3. Anesthesia provision may increasingly move to the outpatient arena. As ASCs become more popular for elective and non-emergency surgeries, Dr. Cohen predicts anesthesia providers will increasingly move to ASCs. Traditionally, he says, anesthesiologists — like radiologists and pathologists — have been relatively attached to the hospital setting. "We may be moving away from hospitals more than into them," he says. "An awful lot of anesthesia and surgery is done at ASCs now, largely because patients like coming in, getting a procedure and leaving, and the complications that occur at hospitals are not as likely to happen at surgery centers."

He says anesthesia providers are also moving into office practices, where they work one-on-one with dentists, oral surgeons and others. According to Dr. Cohen, the historical "tight bond" between anesthesiologists and hospitals may diminish over the next few years as the safe, cost-effective nature of outpatient surgery becomes more attractive.

4. Rural communities will struggle to attract anesthesia providers without serious legislative changes.
Rural areas across the country will struggle to attract primary care physicians and specialists in coming years as the number of insured patients increases.. "It's hard to attract both physicians and nurses to rural practices," Dr. Cohen says. "Both of them want to live in urban areas, and that's clearly the reason that rural practices have a problem recruiting." He adds that a loophole in the federal payment rule allows small hospitals to charge directly for full anesthesia costs if the care is delivered by a nurse, making nurse-administered anesthesia more cost-effective for those hospitals and disincenting physicians from moving to those areas. "[The loophole] results in unequal care, and it results in different levels of safety from rural to urban hospitals," Dr. Cohen says. He adds that data has shown this incentive for nurses, as well as state "opt-outs" of physician supervision of anesthesia, have not actually attracted nurses to rural areas — rather, numbers of rural providers have remained relatively static over recent years.

If the payment loophole and state opt-outs don't work to attract anesthesia providers to critically underserved areas, Dr.
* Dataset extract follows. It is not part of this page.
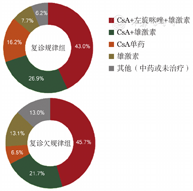 176例NSAA患者中,CsA、左旋咪唑联合雄激素为最常见治疗方案[77例(43.8%)],复诊规律组与欠规律组分别为56例(43.0%)、21例(45.7%)。45例(25.6%)患者接受CsA联合雄激素治疗方案,复诊规律组与欠规律组分别为35例(26.9%)、10例(21.7%);而单用CsA、单用雄激素的患者分别有24例(13.6%)、16例(9.1%),其中复诊规律组内单用CsA及单用雄激素的患者分别为21例(16.2%)、10例(7.7%),复诊欠规律组内单用CsA及单用雄激素的患者分别为3例(6.5%)、6例(13.1%);8例(4.5%)患者选择中药治疗,两组各4例,分别占3.1%、8.7%。6例(3.4%)患者在诊断后1年内未接受治疗,复诊规律组4例,欠规律组2例,分别占3.1%、4.3%(图2)。

Cohen says the industry must find an alternative. He says two current ideas — increasing payment for all providers or financing medical education with the stipulation that the provider spends a few years practicing in a rural area — will likely not result in an increase of rural providers. Instead, hospitals must work to effectively transport patients to nearby urban centers, a task more difficult for states where large cities are few and far between. "Hospitals do a lot better when they do a high volume and do things they're very familiar with," he says. "One of the safety problems in a rural area is that if you don't do things very frequently, you tend not to be as good at them. We need to concentrate on not just providing care in rural areas, but getting patients from rural areas to [urban centers] when they're stabilized."